Directions for this task — Look for the line with "产品名称:工业8针X型M12转RJ45拖链线,也可以选择A型" in the data below, then reproduce word for word that line and every line after it. Leave out all pictures and add nothing.

The data —
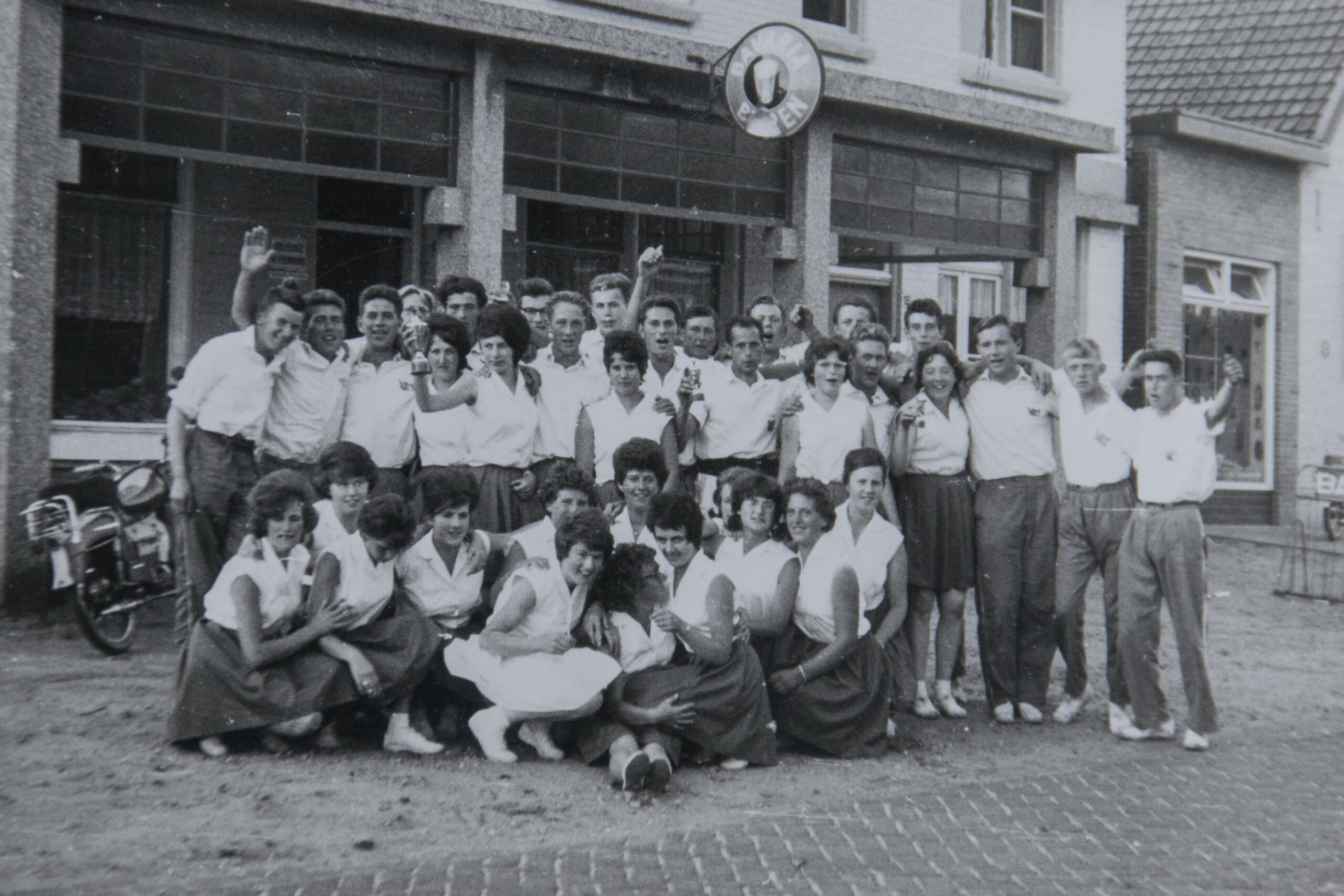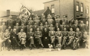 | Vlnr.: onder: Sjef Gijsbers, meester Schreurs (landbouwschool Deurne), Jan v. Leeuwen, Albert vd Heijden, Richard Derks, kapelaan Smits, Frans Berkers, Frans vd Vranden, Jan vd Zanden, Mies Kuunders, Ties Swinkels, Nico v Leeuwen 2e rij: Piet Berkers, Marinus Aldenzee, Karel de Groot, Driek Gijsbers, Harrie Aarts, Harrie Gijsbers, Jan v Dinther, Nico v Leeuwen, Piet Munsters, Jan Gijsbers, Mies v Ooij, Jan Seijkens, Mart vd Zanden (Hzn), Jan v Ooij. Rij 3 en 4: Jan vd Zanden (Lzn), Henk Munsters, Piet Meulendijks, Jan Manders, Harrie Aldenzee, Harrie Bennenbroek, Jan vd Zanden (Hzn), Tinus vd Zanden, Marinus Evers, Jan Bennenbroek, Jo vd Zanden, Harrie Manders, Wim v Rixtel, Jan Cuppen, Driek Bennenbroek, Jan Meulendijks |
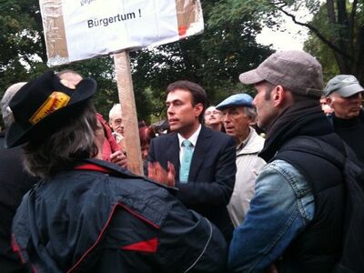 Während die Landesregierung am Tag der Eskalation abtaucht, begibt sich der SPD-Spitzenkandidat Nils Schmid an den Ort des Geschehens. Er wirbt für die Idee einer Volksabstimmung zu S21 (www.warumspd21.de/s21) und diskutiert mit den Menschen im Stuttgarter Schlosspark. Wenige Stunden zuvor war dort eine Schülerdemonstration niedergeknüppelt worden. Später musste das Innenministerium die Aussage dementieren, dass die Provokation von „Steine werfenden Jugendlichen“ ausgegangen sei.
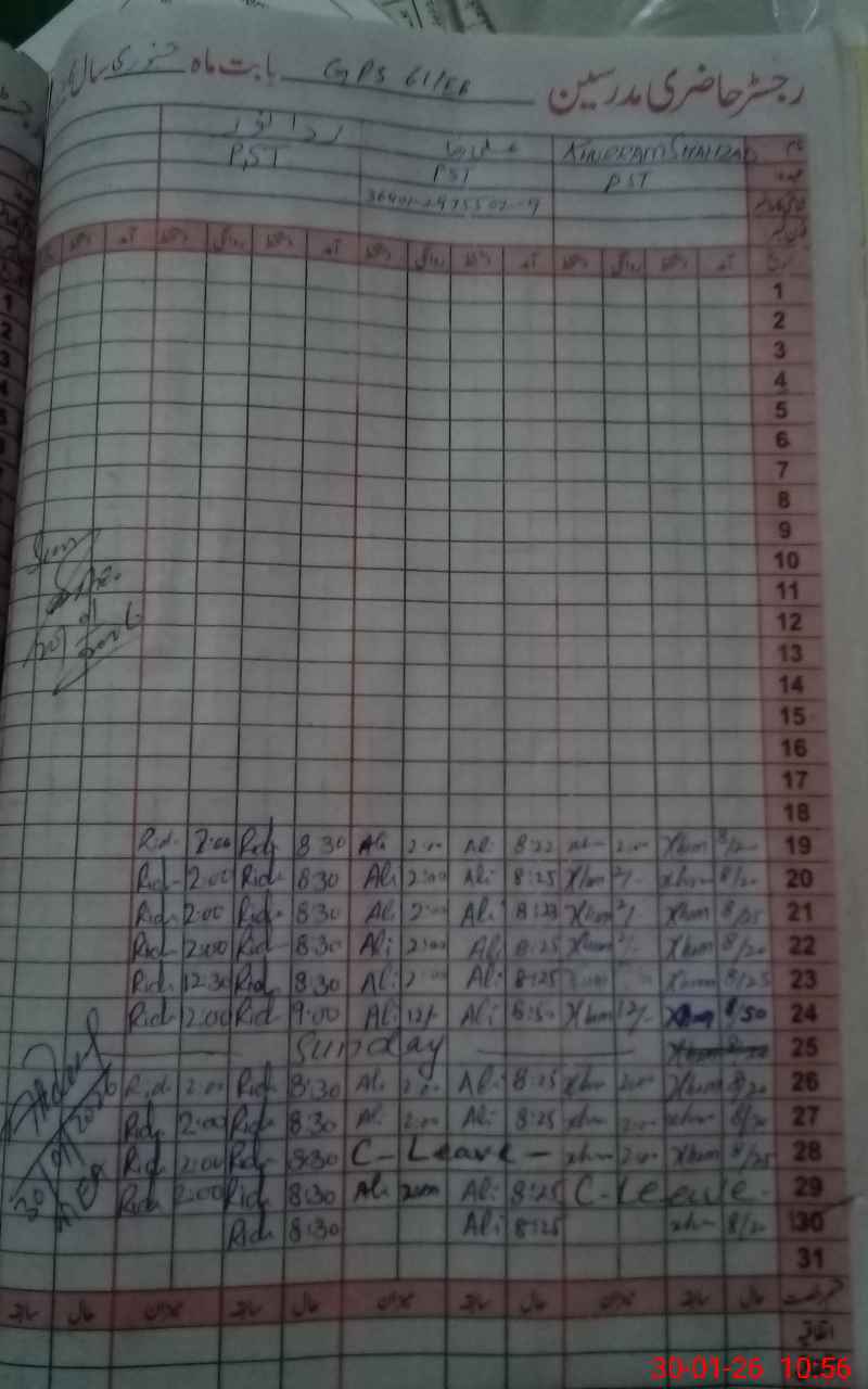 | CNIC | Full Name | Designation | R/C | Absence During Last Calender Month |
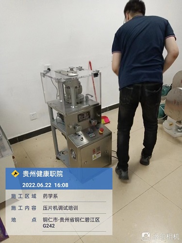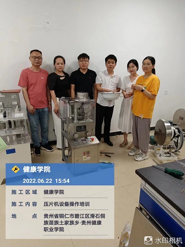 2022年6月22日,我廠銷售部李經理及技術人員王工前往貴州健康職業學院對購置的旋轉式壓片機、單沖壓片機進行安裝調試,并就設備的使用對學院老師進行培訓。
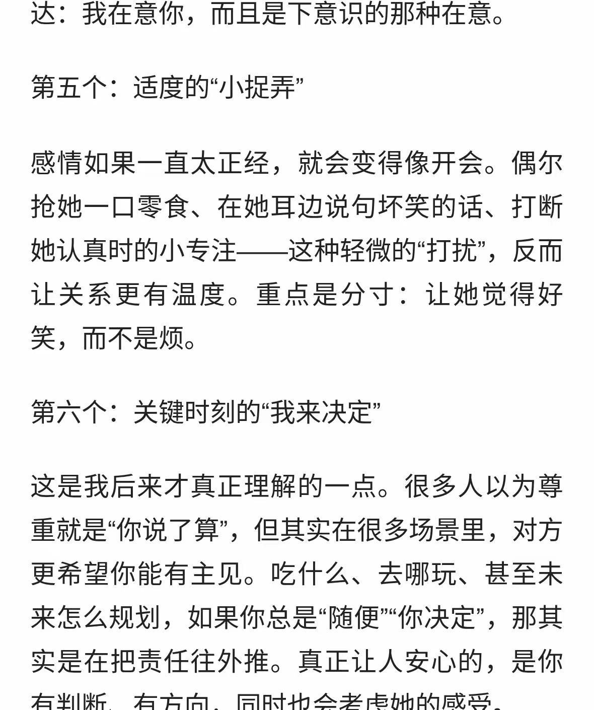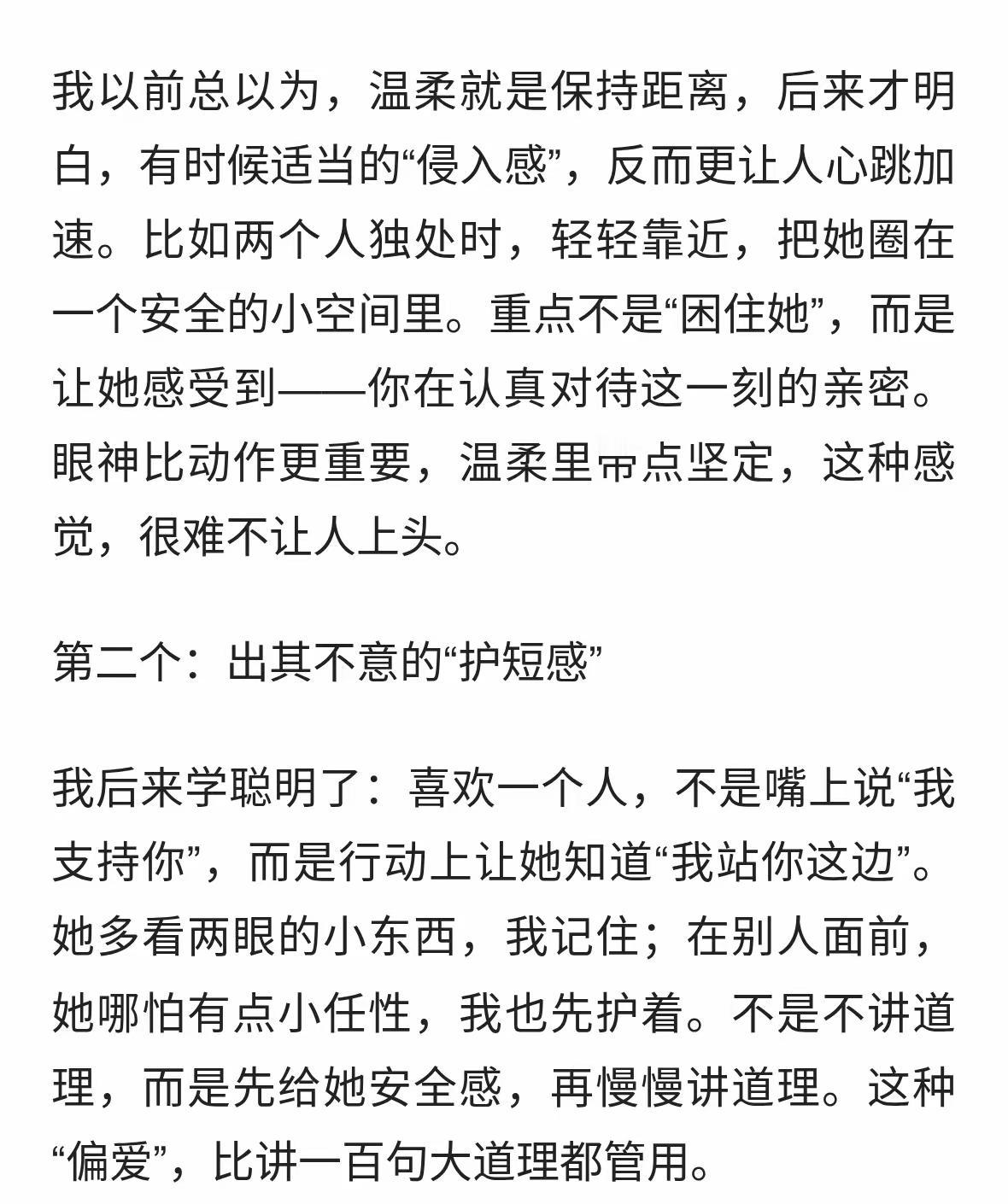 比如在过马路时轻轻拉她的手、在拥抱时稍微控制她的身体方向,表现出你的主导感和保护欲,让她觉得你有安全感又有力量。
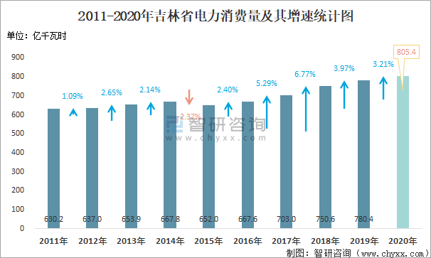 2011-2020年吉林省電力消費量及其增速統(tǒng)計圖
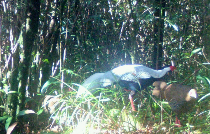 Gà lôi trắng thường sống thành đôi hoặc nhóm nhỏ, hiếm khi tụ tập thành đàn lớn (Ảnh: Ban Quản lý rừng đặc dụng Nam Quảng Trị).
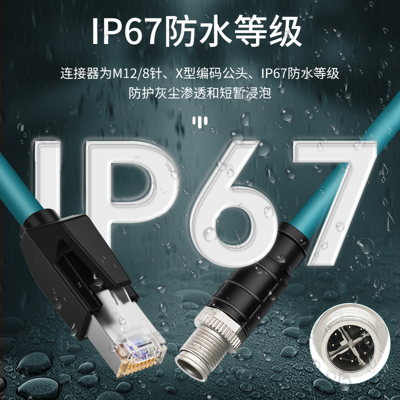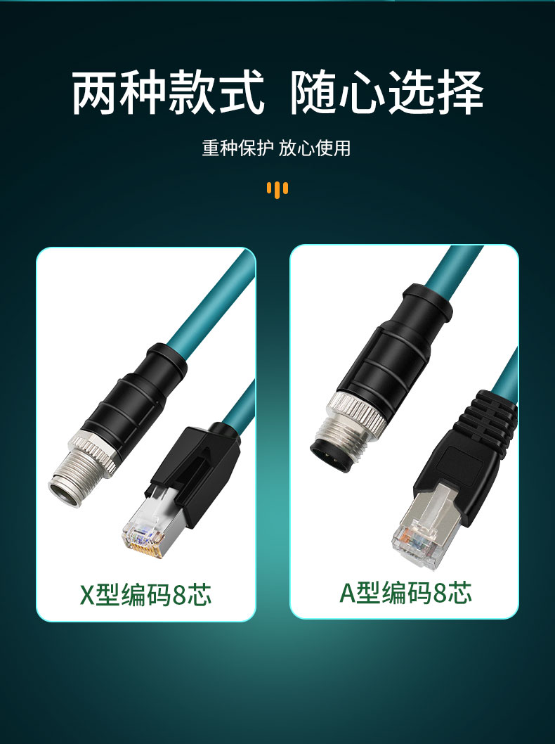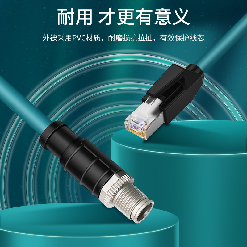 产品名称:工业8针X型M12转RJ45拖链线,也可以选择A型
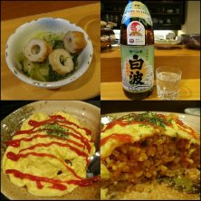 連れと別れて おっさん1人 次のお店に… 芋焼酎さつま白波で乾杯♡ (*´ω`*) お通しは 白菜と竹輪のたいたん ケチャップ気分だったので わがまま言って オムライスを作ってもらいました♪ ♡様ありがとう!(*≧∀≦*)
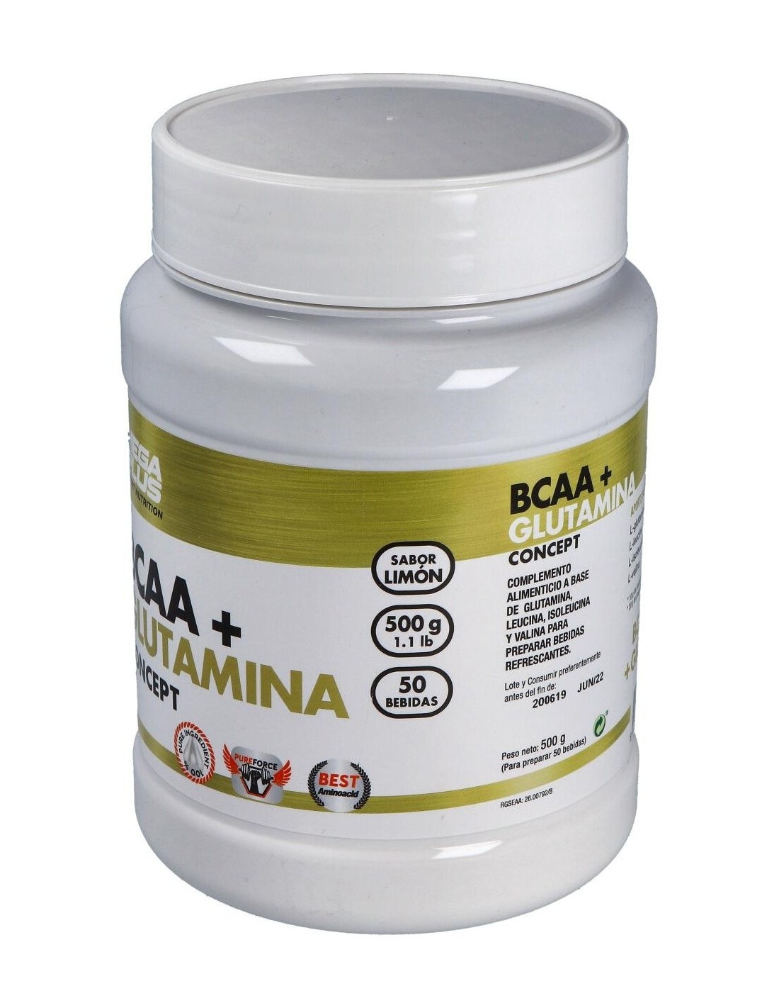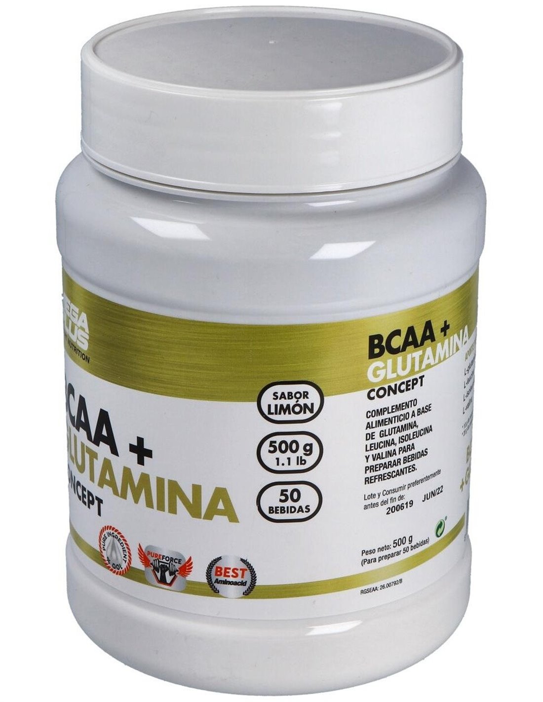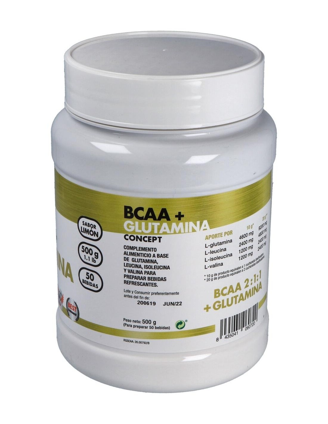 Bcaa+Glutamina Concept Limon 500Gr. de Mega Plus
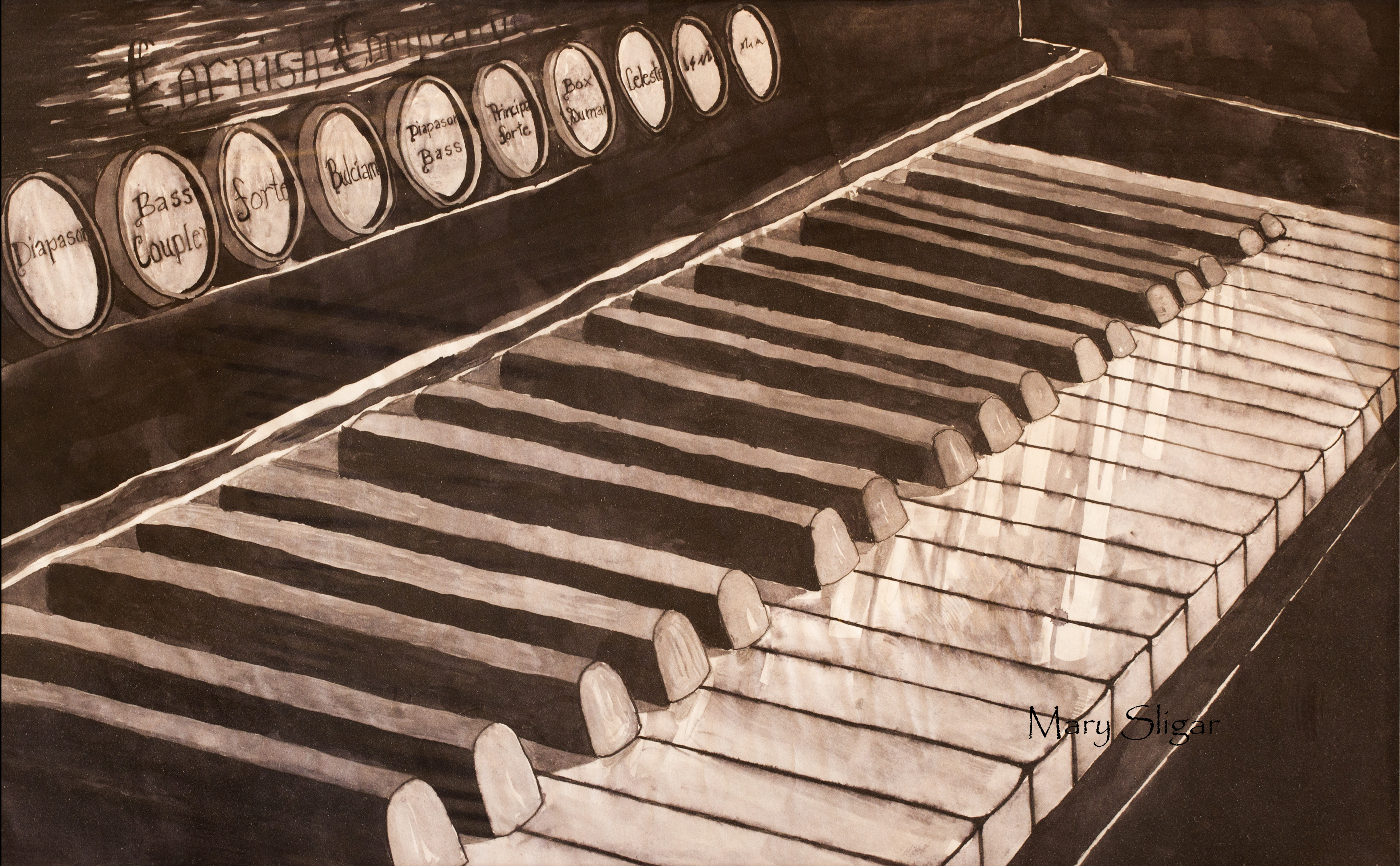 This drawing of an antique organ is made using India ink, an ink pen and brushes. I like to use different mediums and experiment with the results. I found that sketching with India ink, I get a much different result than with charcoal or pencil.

Exercise output —
 产品名称:工业8针X型M12转RJ45拖链线,也可以选择A型
 連れと別れて おっさん1人 次のお店に… 芋焼酎さつま白波で乾杯♡ (*´ω`*) お通しは 白菜と竹輪のたいたん ケチャップ気分だったので わがまま言って オムライスを作ってもらいました♪ ♡様ありがとう!(*≧∀≦*)
 Bcaa+Glutamina Concept Limon 500Gr. de Mega Plus
 This drawing of an antique organ is made using India ink, an ink pen and brushes. I like to use different mediums and experiment with the results. I found that sketching with India ink, I get a much different result than with charcoal or pencil.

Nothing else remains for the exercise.